Oh !, non, ce n’est pas un nuage identique à ceux observés dans le ciel. Celui-ci est exceptionnellement beau avec sa ouate en forme de boule de chantilly, plus douce qu’un Chamallow. De temps en temps, il devient bleu lorsque la nuit est profonde ou il scintille comme de l’or en se rapprochant des étoiles.

Pour y accéder, j’utilise une échelle qui ne ressemble à aucune autre. Pour mon troisième anniversaire, mes amis de la forêt m’offrirent ce cadeau aussi grand que moi, en me disant :

– Chaque fois que tu voudras rêver, grimpe te réfugier sur ton nuage.

L’échelle confectionnée en mousse épaisse bien verte, recouverte de fleurs multicolores aux arômes enivrants, est composée de trois barreaux. Elle est plus petite que celle des pompiers.

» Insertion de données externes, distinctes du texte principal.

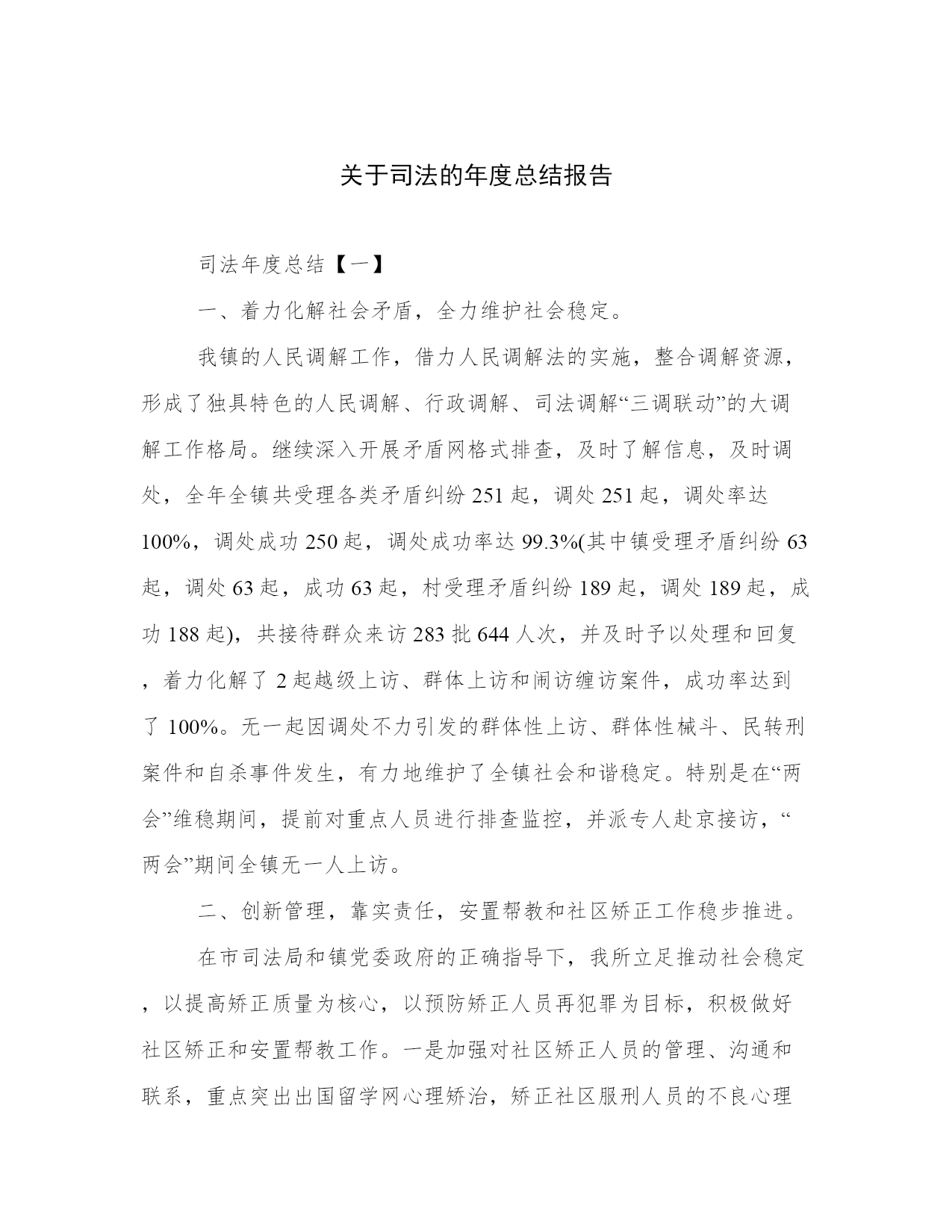 关于司法的年度总结报告司法年度总结【一】一、着力化解社会矛盾,全力维护社会稳定。我镇的人民调解工作,借力人民调解法的实施,整合调解资源,形成了独具特色的人民调解、行政调解、司法调解“三调联动”的大调解工作格局。继续深入开展矛盾网格式排查,及时了解信息,及时调处,全年全镇共受理各类矛盾纠纷251起,调处251起,调处率达100%,调处成功250起,调处成功率达99.3%(其中镇受理矛盾纠纷63起,调处63起,成功63起,村受理矛盾纠纷189起,调处189起,成功188起),共接待群众来访283批644人次,

Pour oublier ma journée, je saute les pieds joints sur le premier barreau. Sur le deuxième, j’admire les fleurs, et avec le troisième je roule sur mon nuage. C’est aussi simple que cela.

Ma cabriole se termine dans un grand lit douillet comme il n’en existe nulle part ailleurs. Le dossier et les traverses sont composés de fruits, le matelas est constitué de biscuits et les draps sont tissés en cheveux d’ange un peu caramélisés. Mes pirouettes s’achèvent en éclats de rire et chaque soir, j’en profite pour croquer quelques fruits au passage. Je les aime tous, mais je clôture toujours en mangeant mon favori : la banane. Ils sont délicieux et très mûrs, contrairement à ceux que maman achète chez le marchand. Si je deviens trop gourmande, mon petit nuage me ramène à la raison gentiment, car il ne veut pas que je sois malade durant notre voyage.

J’ai failli oublier de préciser que le sommier est confectionné en bonbons de formes, de couleurs et de dimensions diverses. Cependant, je m’abstiens d’en manger de peur de trouer le nuage et de retomber sur la terre comme un gros caillou.

Enfin, ma couverture tissée en feuilles de nénuphar est retenue autour du lit grâce à de grands chewing-gums.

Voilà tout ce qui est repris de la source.